_The task_
What is needed is a word-for-word transcript of the listing, free of pictures.

:: Source data ::

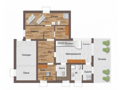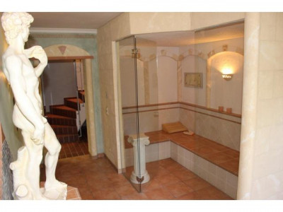 In einer sehr ruhigen Hanglage mit unverbaubarem Fernblick in die wunderschöne Eifellandschaft liegt dieses Mitte der 80iger Jahre massiv erbaute Einfamilienhaus. Die Innenstadt in Bitburg ist in wenigen Minuten mit dem Auto und auch in etwa 20 Minuten zu Fuß erreichbar.Das über 1.100 m² große Grundstück wurde auf mehreren Ebenen angelegt, ist komplett eingefriedet und verfügt über drei Sonnenterrassen.Der 55 m² große Wohnbereich mit offener Küche und Kachelofen ist lichtdurchflutet und hat durch die bodentiefen Fenster direkten Zugang zu einer sehr großen Südterrasse mit Springbrunnen. Im Obergeschoss erwartet Sie neben drei Schlafzimmern mit großzügigen Einbauschränken (das Elternschlafzimmer verfügt über einen eigenen Sonnenbalkon) ein ansprechendes Badezimmer mit Badewanne, Doppelwaschtisch und Dusche.Das absolute Highlight ist jedoch der ca. 40 m² große Wellnessbereich im Untergeschoss. Neben einem Tepidarium (Aromatherapie und Sternenhimmel) stehen eine Sauna mit integriertem Dampfbad, Fußbad, Ruhebereiche (innen und aussen) und WC mit Dusche zur Verfügung.Weitere Lager- und Technikräume, ein kleines Büro, Waschküche und Fitnessraum stehen im Untergeschoss zur Verfügung.Vor dem Haus befindet sich ein großzügiger Carport und mehrere Stellplätze. Gerne präsentieren wir Ihnen diese außergewöhnliche Immobilie in einem persönlichen Besichtigungstermin und stehen Ihnen für weitere Fragen gerne jederzeit telefonisch zur Verfügung.
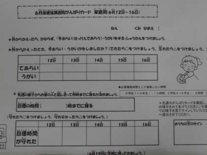 各ご家庭で、手洗い・うがい・決めた時刻に寝るができているかどうか確認をお願いします。
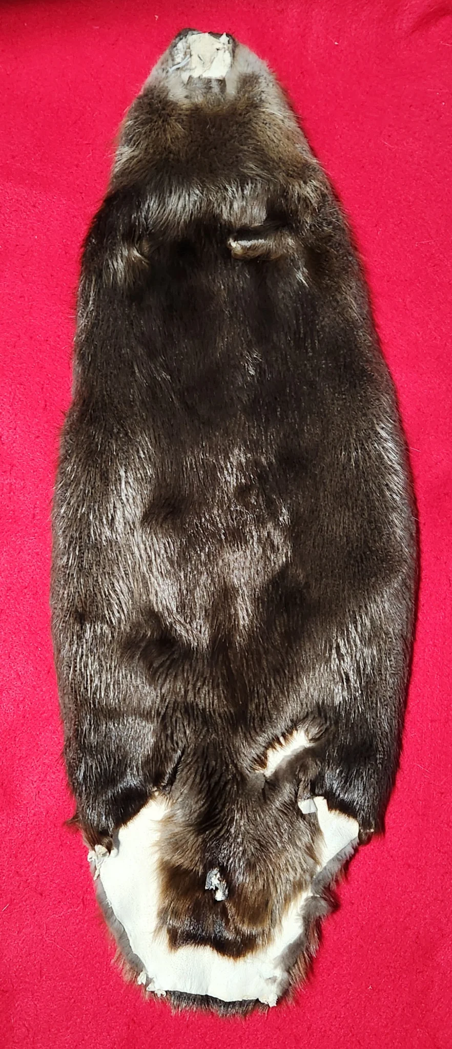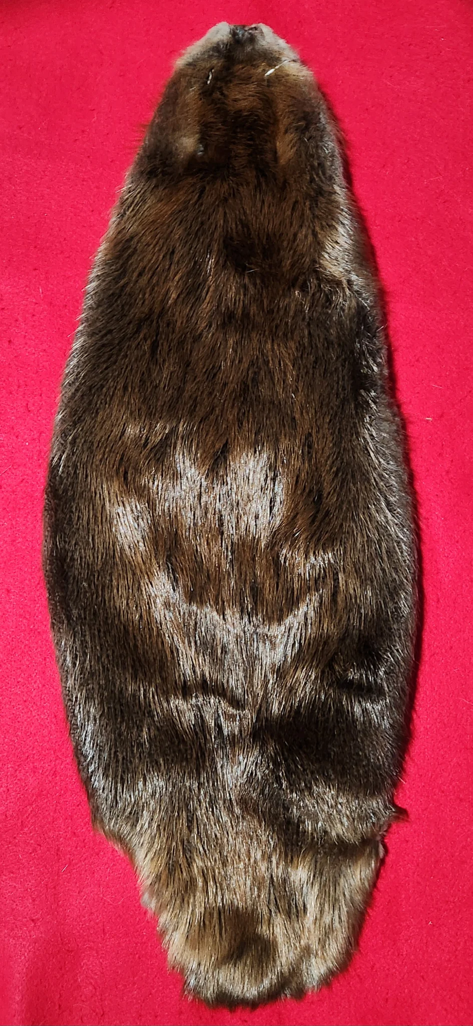 The pelt measures approximately 36 inches in total length and 13 inches in width, representing an exceptionally large beaver. Overall condition is good; however, there is an approximate 3″ x 1″ hole located just ahead of the vent at the base of the belly, which should be taken into consideration during mounting or finishing.

:::

_Answer below_
 In einer sehr ruhigen Hanglage mit unverbaubarem Fernblick in die wunderschöne Eifellandschaft liegt dieses Mitte der 80iger Jahre massiv erbaute Einfamilienhaus. Die Innenstadt in Bitburg ist in wenigen Minuten mit dem Auto und auch in etwa 20 Minuten zu Fuß erreichbar.Das über 1.100 m² große Grundstück wurde auf mehreren Ebenen angelegt, ist komplett eingefriedet und verfügt über drei Sonnenterrassen.Der 55 m² große Wohnbereich mit offener Küche und Kachelofen ist lichtdurchflutet und hat durch die bodentiefen Fenster direkten Zugang zu einer sehr großen Südterrasse mit Springbrunnen. Im Obergeschoss erwartet Sie neben drei Schlafzimmern mit großzügigen Einbauschränken (das Elternschlafzimmer verfügt über einen eigenen Sonnenbalkon) ein ansprechendes Badezimmer mit Badewanne, Doppelwaschtisch und Dusche.Das absolute Highlight ist jedoch der ca. 40 m² große Wellnessbereich im Untergeschoss. Neben einem Tepidarium (Aromatherapie und Sternenhimmel) stehen eine Sauna mit integriertem Dampfbad, Fußbad, Ruhebereiche (innen und aussen) und WC mit Dusche zur Verfügung.Weitere Lager- und Technikräume, ein kleines Büro, Waschküche und Fitnessraum stehen im Untergeschoss zur Verfügung.Vor dem Haus befindet sich ein großzügiger Carport und mehrere Stellplätze. Gerne präsentieren wir Ihnen diese außergewöhnliche Immobilie in einem persönlichen Besichtigungstermin und stehen Ihnen für weitere Fragen gerne jederzeit telefonisch zur Verfügung.
 各ご家庭で、手洗い・うがい・決めた時刻に寝るができているかどうか確認をお願いします。
 The pelt measures approximately 36 inches in total length and 13 inches in width, representing an exceptionally large beaver. Overall condition is good; however, there is an approximate 3″ x 1″ hole located just ahead of the vent at the base of the belly, which should be taken into consideration during mounting or finishing.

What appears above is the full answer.